Thin and flat shape, stomata, air spaces, and mesophyll cells with large surface area

What controls the opening of stomata?

Guard cells that become turgid (open) or flaccid (closed) in response to light, CO₂, and water availability

Describe the structure of alveoli.

Tiny air sacs with walls one cell thick, surrounded by capillaries, with large total surface area (~70m²)

What is ventilation?

The process of moving air in and out of the lungs to maintain concentration gradient

Describe the mechanism of inspiration (breathing in).

External intercostal muscles contract, internal intercostal muscles are relaxed because they’re antagonistic, ribs move up and out, diaphragm contracts and flattens and moved down, thoracic volume increases, pressure decreases, air flows in

Describe the mechanism of expiration (breathing out).

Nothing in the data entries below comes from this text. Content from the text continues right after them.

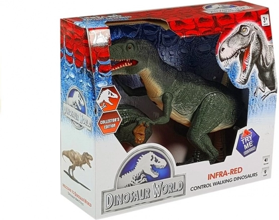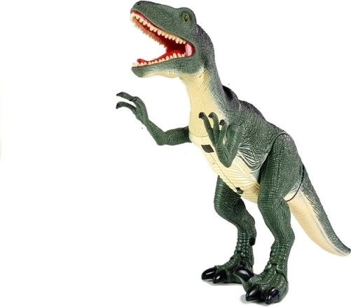 Interaktywny T-REX wiernie inspirowany jest jednym z największych lądowych drapieżników. Po naciśnięciu przycisku uruchamia się ryk, ruch głowy i otwieranie paszczy, którym towarzyszą efekty świetlne w oczach. Zdalne sterowanie oferuje proste kierowanie – dźwięki i ruchy głowy jednym przyciskiem, chód do przodu drugim.
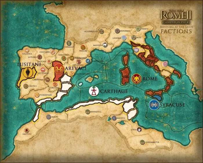 玩家在此可以选择重走巴克特里亚人的战斗之路,扭转历史局势使其对己方有利;也可以选择站在罗马人一边,将共和国从地区性国家转变为强大势力,连遥远的继业者国家都不得不正视。作为额外内容,玩家还可以选择叙拉古以及几个西班牙部落进行游戏。顺便说一下,所有这些派系在大型战役中都可以使用,可惜的是锡拉库萨在大型战役中仍然是没有城墙的农场...
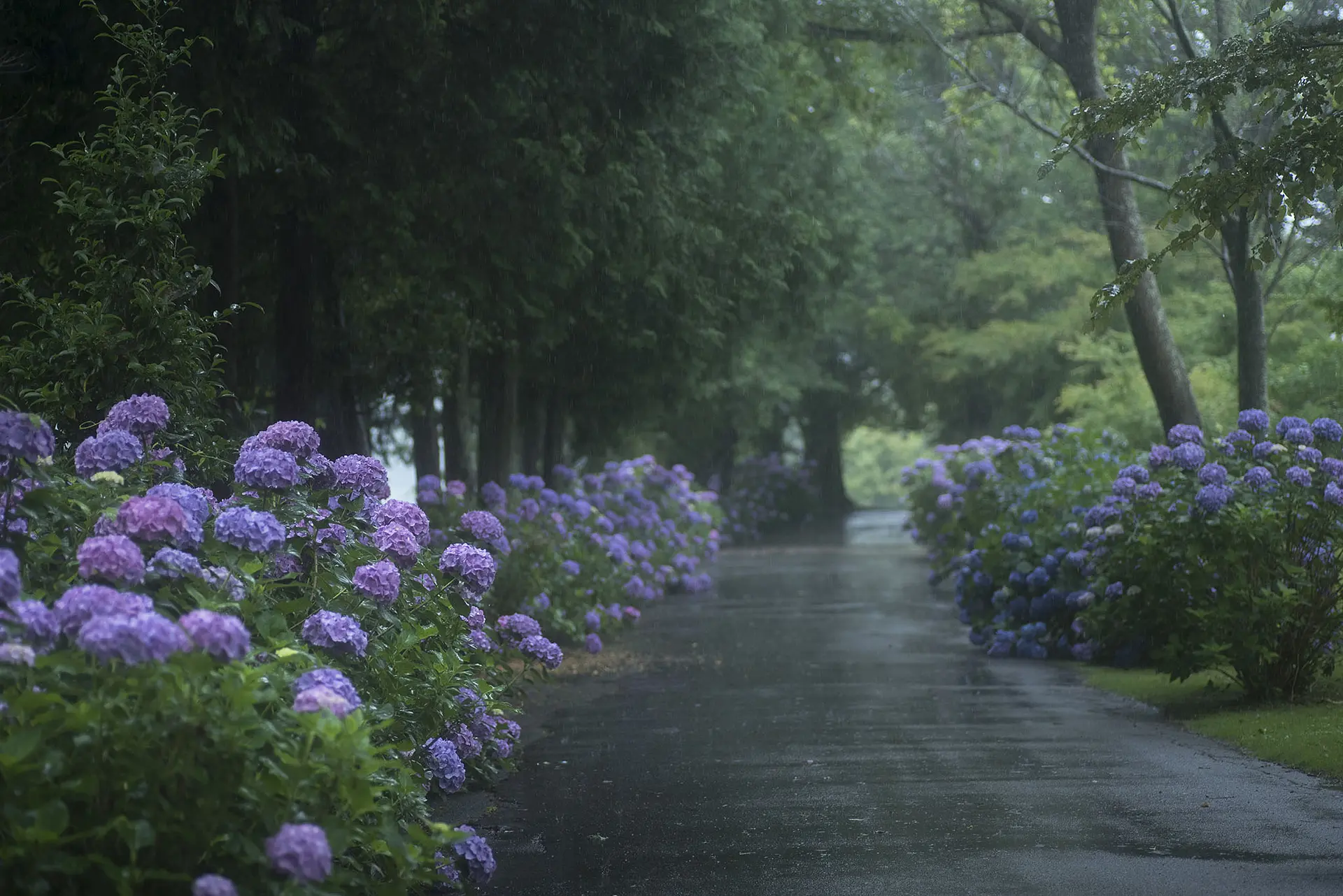 晴れの日でも雨の日でも美しいアジサイが待っています。
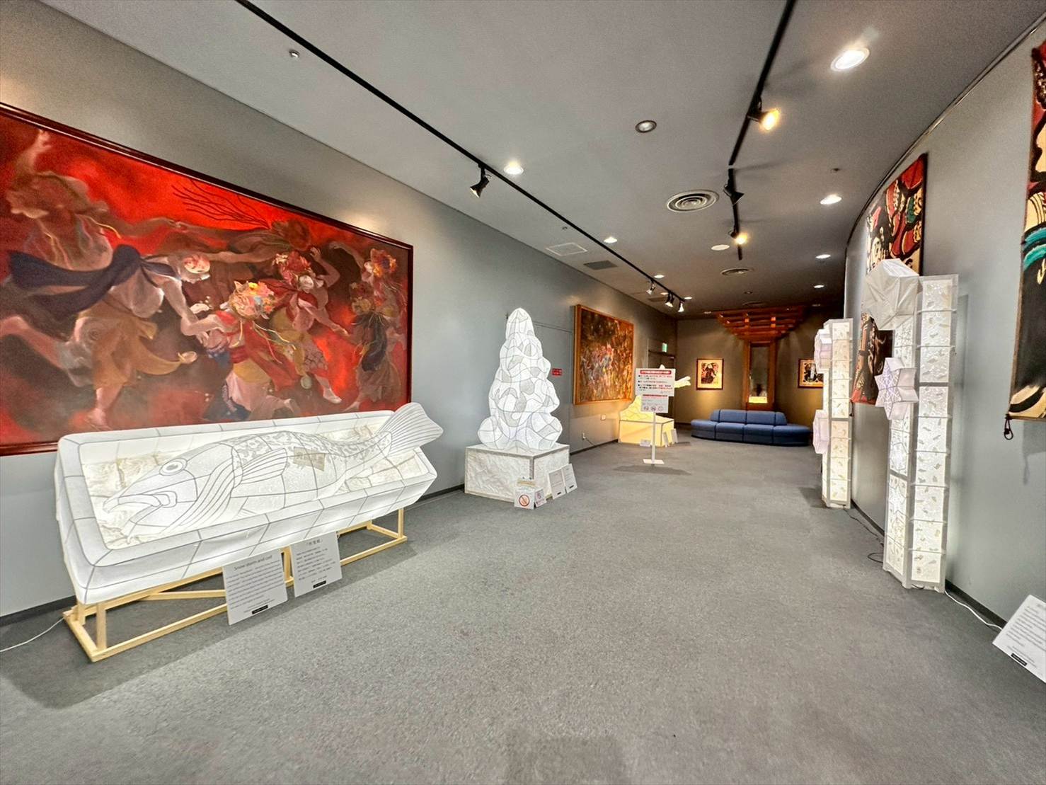 ▲早速ホールの中へと進んでいきます。ホールの入口も何やらオブジェが色々と飾られていました。
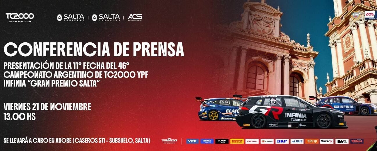 El viernes 21 de noviembre, a las 13.00 hs., se realizará la presentación oficial del “Gran Premio Salta” de la 11º fecha del 46º Campeonato Argentino de TC2000 YPF INFINIA.
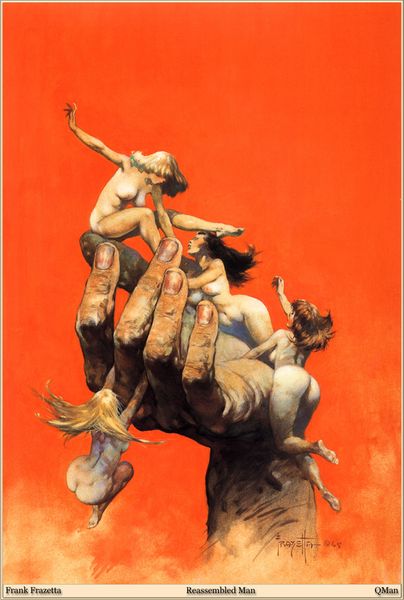 Curator: Let's turn our attention to the poster for the 1978 film "Every Which Way But Loose." Robert Peak, a master of the form, created this visual fanfare. Editor: Okay, first impression? It screams "1970s machismo meets monkey business." There's something so delightfully absurd about it that makes me smile. Curator: Indeed. The composition, while seemingly straightforward—the dominant figure of Clint Eastwood juxtaposed with the orangutan—relies heavily on the circle motif. Note how the circular frame containing a constellation of faces echoes the orangutan's face, creating a dialogue of characters, or perhaps archetypes, within the narrative. Editor: Archetypes! I like that. For me, it’s like, Eastwood represents the rugged, stoic hero. The orangutan, the wild, untamed sidekick, adding a dose of comic relief. And then, yeah, all the background faces are this hilarious collage, like a biker gang, lovers, fighters and villains all competing for space in the main narrative. Curator: Precisely. The visual language of the poster borrows heavily from a type of heroic realism prevalent at the time, while its tonal qualities offer a distinct pictorial depth and interest. Peak very effectively renders an American mythology for a mass audience. Editor: So, what's fascinating is that, by today’s standards, the film itself would be deemed problematic. However, that poster... it’s sort of an anti-heroic pastiche with these exaggerated heroic postures and the presence of a lovable orangutan. It's like a knowing wink about its own cultural absurdity. Curator: The poster achieves precisely this effect—a meta-commentary, as it were, packaged within a compelling advertisement. Through the orchestration of image and text, Robert Peak managed to deliver a rather lasting reflection on cinematic stereotypes. Editor: It’s true. Despite, or maybe because of, its absurdity, this image manages to spark something, makes me reconsider everything, what's heroic and what's silly.

External intercostal muscles relax, ribs move down and in, diaphragm relaxes and curves up, thoracic volume decreases, pressure increases, air flows out

During forced exhalation, the internal intercostal muscles contract to move the ribs down and in

What is tidal volume?

The volume of air moved in and out of the lungs in a single breath at rest

What is the main pigment in red blood cells?

Haemoglobin

How many oxygen molecules can one haemoglobin molecule carry?

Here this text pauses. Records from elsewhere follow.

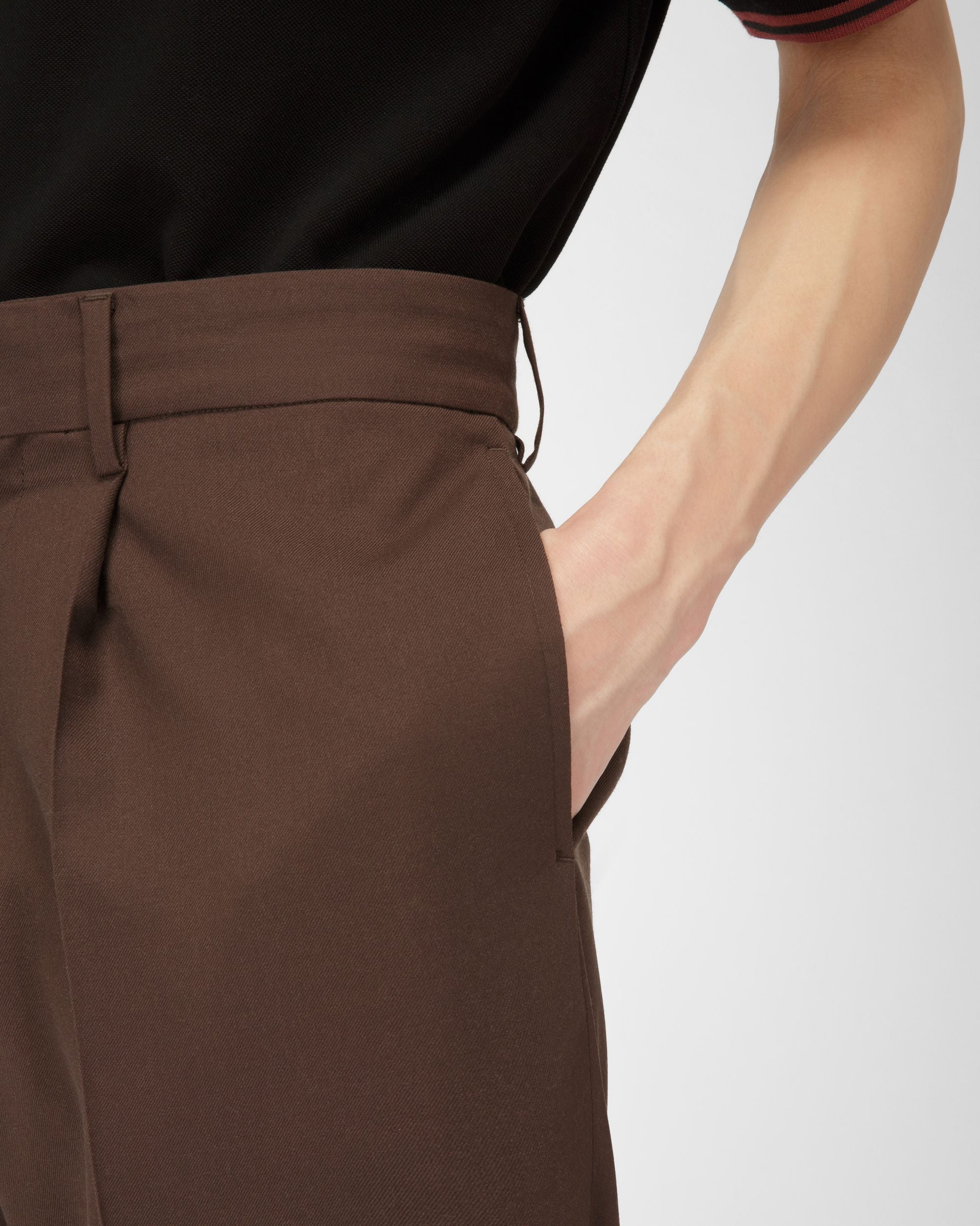 Crafted from ebony brown wool. these trousers boast an expertly tailored straight-leg silhouette.
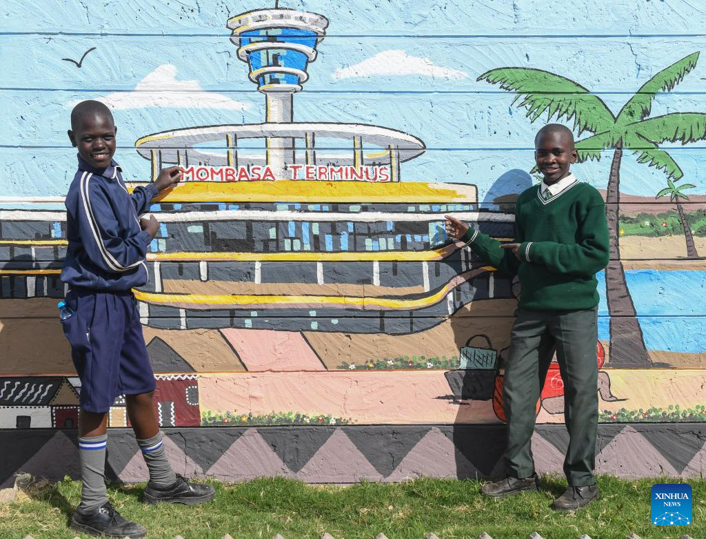Nairóbi, 29 ago (Xinhua) -- Com o rosto radiante de orgulho, Miriabel Aparat, 16 anos, cuidadosamente pintou com tinta fresca um mural gigante de um elegante trem de passageiros deslizando pela Ferrovia de Bitola Padrão Mombasa-Nairóbi (SGR, na sigla em inglês), construída pela China, no Quênia.
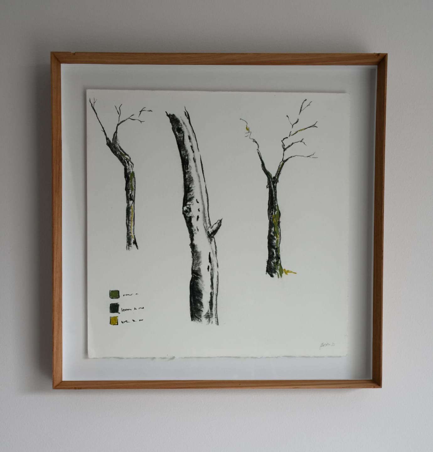 The process of extracting coal dust and transforming it into ink evokes a duality: the raw material signifies industrial power, while the gentle act of creation serves as a meditation on fragility. The process involves circular grinding of the coal powder on glass with a glass muller. The softer the sound of the grinding, the finer the ink: just a whisper is required for this ink. Marks made with charcoal pay homage to the formidable fever tree forest that stand resilient, formed through flooding and the chance alignment of timing, seed availability and water. These trees are ephemeral in nature, with a limited lifespan once the flood plain dissipates. Stoic yet vulnerable, they symbolise both the fragility of our ecosystems and the tenacity required to endure amid climate change. Utilizing coal dust and charcoal on paper, I create visual narratives that evoke the essence of the fever tree forest. The texture and depth achieved through these mediums symbolize the sediment layers of both the land and our histories. The use of coal dust specifically reflects the historical ties to mining, drawing parallels between extraction and the rich, yet vulnerable, resources we share with the natural world.
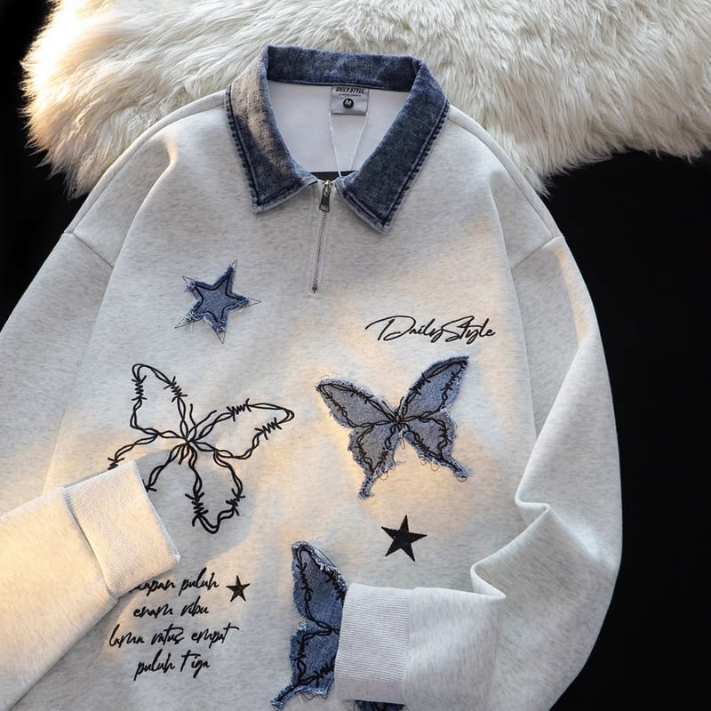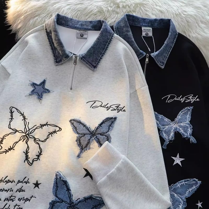 【SLTシリーズ】★POLOシャツ★ 2color トップス 男女兼用 メンズ 星 蝶々 合わせやすい カジュアル

Four (each haem group binds one O₂)

What is cooperative binding of oxygen to haemoglobin?

Binding of first oxygen changes shape of haemoglobin slightly, making it easier for subsequent oxygen molecules to bind

What is the Bohr effect?

Increased CO₂ concentration decreases haemoglobin's affinity for oxygen because it lowers Ph which changes the shape of the haemoglobin slightly, shifting dissociation curve to the right, oxygen unloaded more readily

What is the advantage of the Bohr effect in active muscles?

Muscles produce more CO₂, lowering pH, causing more oxygen to be released where it is needed most

What is the structure of haemoglobin in foetal mammals?

Foetal haemoglobin has a higher affinity for oxygen than adult haemoglobin

Describe the double circulatory system in mammals.

Blood passes through heart twice per circuit: deoxygenated to lungs (pulmonary) and oxygenated to body (systemic)

What is the advantage of a double circulation?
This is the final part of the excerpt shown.